I seem to be running into the same problem again and again. That problem is how do I pass a series of attributes to a transformer using what would be considered a variable in a scripting language. I can generate an attribute or variable containing a list or string containing the attributes, but I can't seem to figure out how to pass that value into a transformer and have it produce the desired result. I know it has to be possible (you can't know every attribute you want to keep/expose/use in every workflow every time, so passing them dynamically has to be a thing), I just can't figure it out. Plus, I can see having to use dynamic inputs in a hundred different ways I can't imagine yet, so I have to get this bit. Can anyone point me to a resource where I can learn the technique? Thank you.
Most FME workflows tend to be for specific source and destination formats/datasets so are actually fairly static in terms of attributes.
Can you describe a situation where you think you want to do this dynamically? With an actual example it would be easier for people here to come up with solutions.
Most FME workflows tend to be for specific source and destination formats/datasets so are actually fairly static in terms of attributes.

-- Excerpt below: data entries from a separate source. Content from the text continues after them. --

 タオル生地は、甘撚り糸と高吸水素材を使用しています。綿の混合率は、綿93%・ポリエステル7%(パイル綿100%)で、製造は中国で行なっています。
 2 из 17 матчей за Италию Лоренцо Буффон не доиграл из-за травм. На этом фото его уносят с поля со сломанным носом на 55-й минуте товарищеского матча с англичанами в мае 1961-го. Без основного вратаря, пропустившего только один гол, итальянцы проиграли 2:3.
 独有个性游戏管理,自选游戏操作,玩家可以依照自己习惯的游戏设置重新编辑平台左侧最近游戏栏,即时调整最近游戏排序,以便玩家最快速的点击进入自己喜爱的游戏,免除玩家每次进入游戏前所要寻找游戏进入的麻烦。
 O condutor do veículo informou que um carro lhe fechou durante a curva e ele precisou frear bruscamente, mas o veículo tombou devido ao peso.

Can you describe a situation where you think you want to do this dynamically? With an actual example it would be easier for people here to come up with solutions.
Sorry for how long this is.... We get parcel data from 60+ jurisdictions. Sometimes it’s a simple shapefile or a single feature class in a file gdb, but sometimes its more complex than this. Sometimes it’s a feature class containing just a unique identifier with related tables that hold the more specialized data about each parcel. We are taking this data from the 60+ sources and standardizing it to a single format. The end-result (hopefully) being one large parcel feature class containing polygons for all the jurisdictions in a standardized form. To assist our efforts, we have developed a database containing tables that will drive the process. One table defines table relationships, another defines which fields in each jurisdiction’s source data map to our standardized output schema. As a test we picked a jurisdiction that requires a table join. We set up a file geodatabase reader, read just the tables we wanted, used attribute keeper to keep just the attributes we wanted in each table, joined them, and used schema mapper to write our output. All worked well. But it was not dynamic, we "hardcoded" the database name, table names and attribute names into the transformers. Now we want to automate this process so it can work when the workspace is provided a list of jurisdictions. Each will have unique table and attribute names and only some will require a join. Hence I find that I would like to pass dynamic sets of attribute names to different transformers and I’m having a problem.

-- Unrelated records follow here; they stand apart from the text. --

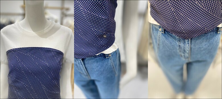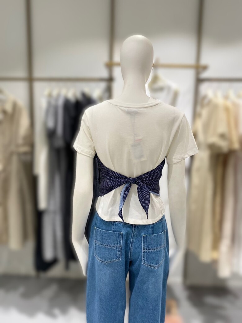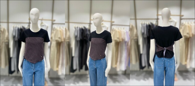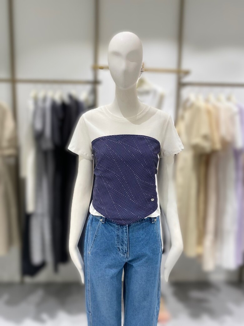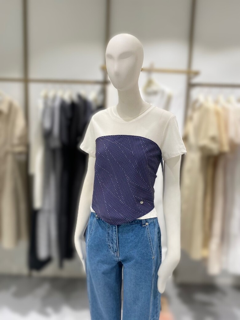 유니크한 덧장배색 포인트 티셔츠입니다.
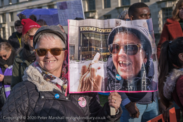 A woman holds a placard with a photograph of her giving the finger at Trump Tower
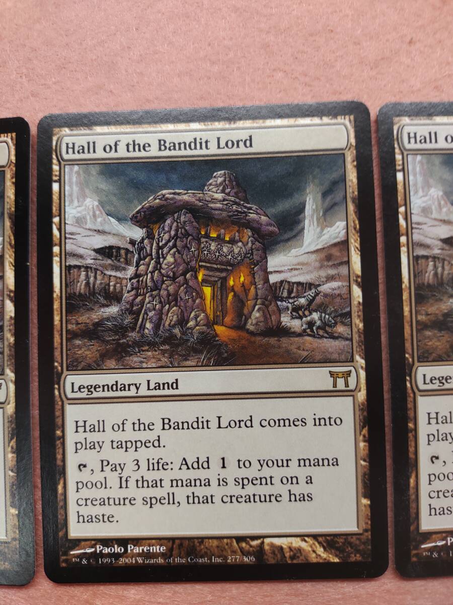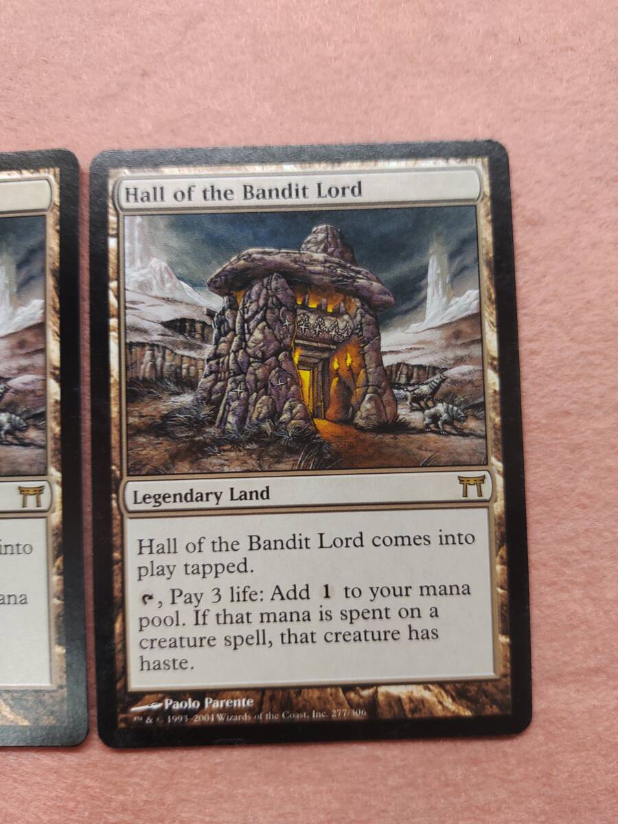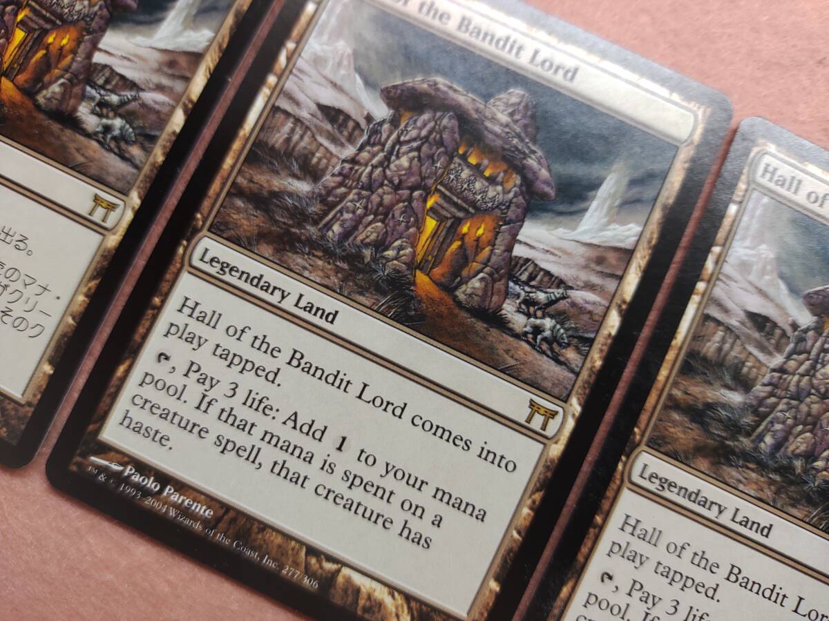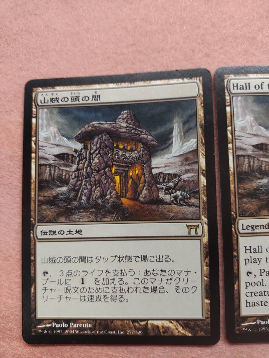 Hall of the Bandit Lord(山賊の頭の間)神河物語、英語版2枚、日本語版1枚、合計3枚の出品です。カード状態の鑑定基準は、3枚ありますので多少の程度の差異はありますが、おおむね良いカード状態で、ニアミントプラス相当(NM+)「わずかに傷やスレあり」になります。

Sorry for how long this is.... We get parcel data from 60+ jurisdictions. Sometimes it’s a simple shapefile or a single feature class in a file gdb, but sometimes its more complex than this. Sometimes it’s a feature class containing just a unique identifier with related tables that hold the more specialized data about each parcel. We are taking this data from the 60+ sources and standardizing it to a single format. The end-result (hopefully) being one large parcel feature class containing polygons for all the jurisdictions in a standardized form. To assist our efforts, we have developed a database containing tables that will drive the process. One table defines table relationships, another defines which fields in each jurisdiction’s source data map to our standardized output schema. As a test we picked a jurisdiction that requires a table join. We set up a file geodatabase reader, read just the tables we wanted, used attribute keeper to keep just the attributes we wanted in each table, joined them, and used schema mapper to write our output. All worked well. But it was not dynamic, we "hardcoded" the database name, table names and attribute names into the transformers. Now we want to automate this process so it can work when the workspace is provided a list of jurisdictions. Each will have unique table and attribute names and only some will require a join. Hence I find that I would like to pass dynamic sets of attribute names to different transformers and I’m having a problem.

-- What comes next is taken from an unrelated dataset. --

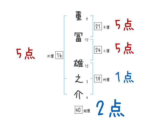 重冨雄之介さんの画数の鑑定結果
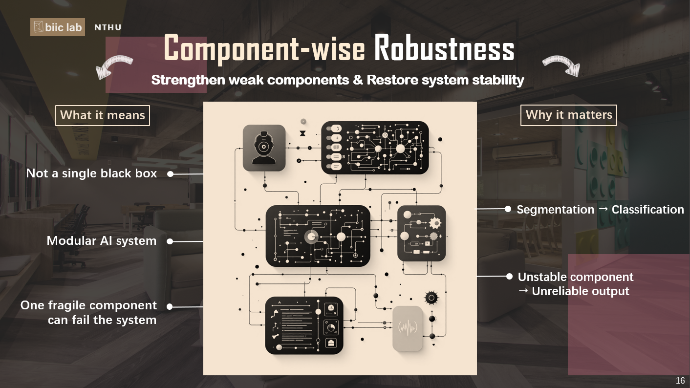 一個臨床 AI 系統其實不是單一模型在運作,而是由很多「小組件」串起來完成判斷。像是前面先做影像分割,接著再進行分類,只要其中一個環節不穩定,後面的結果就很容易跟著失準。這也是為什麼 Component-wise Robustness 很重要!在這部分,我們實驗室的做法是直接針對容易出問題的環節下手,透過像是 Mask Augmentation 的技術,讓模型在訓練時就先遇過資訊不完整或影像受損的狀況,學會怎麼應對。當每個小組件都更穩定,整個 AI 系統在實際臨床使用時,表現自然也就更可靠。

It sounds like the SchemaMapper might be useful for at least part of your input. You can use it to change the dataset's schema based on an external table. There's a series of tutorials for it here
It won't do table joins though.
My gut feeling says you're probably going to end up with a hybrid solution. So part SchemaMapper and part jurisdiction-specific workflows (e.g. the one with table joins). If that is going to be the case I think you should also strongly consider whether you want everything to happen in a single workspace (which can potentially grow into a very large one, we've come across one with 1800+ transformers...) or split it up into smaller ones. My preference would be to split it up. Mind you, that may not be the most efficient solution, but I think it's the most manageable (especially if you need to transfer management of it to somebody else).